Office Open XML/Legacy Implementation
"Office Open XML" is an XML based file format that has been published as ECMA-376. It is used as default file format by Microsoft Office 2007.
There are plans to support this file format in OpenOffice.org for interoperation with Microsoft Office 2007.
There are 3 major types of formats
- WordprocessingML - For word processor documents (file extensions may be docx, docm)
- SpreadsheetML - For spreadsheet documents (file extensions may be xlsx, xlsm)
- PresentationML - For presentation documents (file extensions may be pptx, pptm)
- DrawingML - Used by other markup language to represent graphics data.
- VML - A legacy vector markup.
OpenXML document is a package that consists of a flat collection of "parts". Each "part" has a case-insensitive part name that consists of a slash (/) delimited sequence of segment names such as "/pres/slides/slide1.xml".
For the most part, the ZIP compression is used to package the parts, in which case the term "package" refers to the ZIP archive, and the parts refer to the individual files archived within. The part name in this case is the file path within the archive.
Each part also has a content type, and /[Content_Types].xml provides the content type of each part within the archive.
Packages and parts can contains explicit relationships to other parts as well as to external resources. Every explicit relationship has an ID and a type, and relationship types are named using URIs.
The set of explicit relationships for each package or part is stored in a relationship part whose name (or path) follows a specific convention e.g. the relationship part for a part called "/a/b/c.xml" is called "/a/b/_rels/c.xml.rels". As a special case, the relationship part for the package as a whole is called "/_rels/.rels".
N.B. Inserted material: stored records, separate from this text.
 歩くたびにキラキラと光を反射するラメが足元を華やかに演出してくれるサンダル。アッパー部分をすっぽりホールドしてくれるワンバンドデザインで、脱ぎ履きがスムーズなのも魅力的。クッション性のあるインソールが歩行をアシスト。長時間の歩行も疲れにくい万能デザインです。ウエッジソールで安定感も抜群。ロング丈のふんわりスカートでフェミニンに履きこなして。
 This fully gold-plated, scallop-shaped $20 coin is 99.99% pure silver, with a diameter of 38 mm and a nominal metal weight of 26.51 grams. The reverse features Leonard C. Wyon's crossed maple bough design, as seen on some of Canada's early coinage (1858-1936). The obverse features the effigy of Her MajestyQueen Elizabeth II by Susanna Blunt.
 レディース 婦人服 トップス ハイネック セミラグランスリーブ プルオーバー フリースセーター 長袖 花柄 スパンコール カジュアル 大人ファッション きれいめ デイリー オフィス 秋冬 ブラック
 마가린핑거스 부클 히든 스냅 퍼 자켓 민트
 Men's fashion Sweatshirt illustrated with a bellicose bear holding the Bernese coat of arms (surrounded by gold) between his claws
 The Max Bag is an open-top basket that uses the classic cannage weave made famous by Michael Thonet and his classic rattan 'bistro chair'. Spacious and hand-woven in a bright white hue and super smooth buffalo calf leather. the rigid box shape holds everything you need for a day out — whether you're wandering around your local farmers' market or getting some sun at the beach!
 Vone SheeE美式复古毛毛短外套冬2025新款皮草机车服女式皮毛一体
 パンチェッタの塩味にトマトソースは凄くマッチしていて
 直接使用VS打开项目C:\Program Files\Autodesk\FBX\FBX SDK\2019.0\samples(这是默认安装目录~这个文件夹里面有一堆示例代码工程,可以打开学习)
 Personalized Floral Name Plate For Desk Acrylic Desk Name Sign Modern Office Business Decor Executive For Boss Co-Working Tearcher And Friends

There is some code in the oox module (OOX) from the Xml project. Its initial version from the CWS xmlfilter02 has been integrated into SRC680_m243. The continuing CWS is xmlfilter03 in SRC680. (view the workspace on EIS)
To fetch the oox code from CVS (using CVSROOT is set properly):
cvs co -r cws_src680_xmlfilter03 -d oox xml/oox
One important note: we use the term fragment in the name of our source files to correspond with what the standard calls part. For instance, the source file that contains class definition that handles the workbook part in SpreadsheetML is called workbookfragment.cxx. This convention is prevalent across all application types within oox module.
Bonsai is also convenient to follow the changes:
Word document import is in the writerfilter module.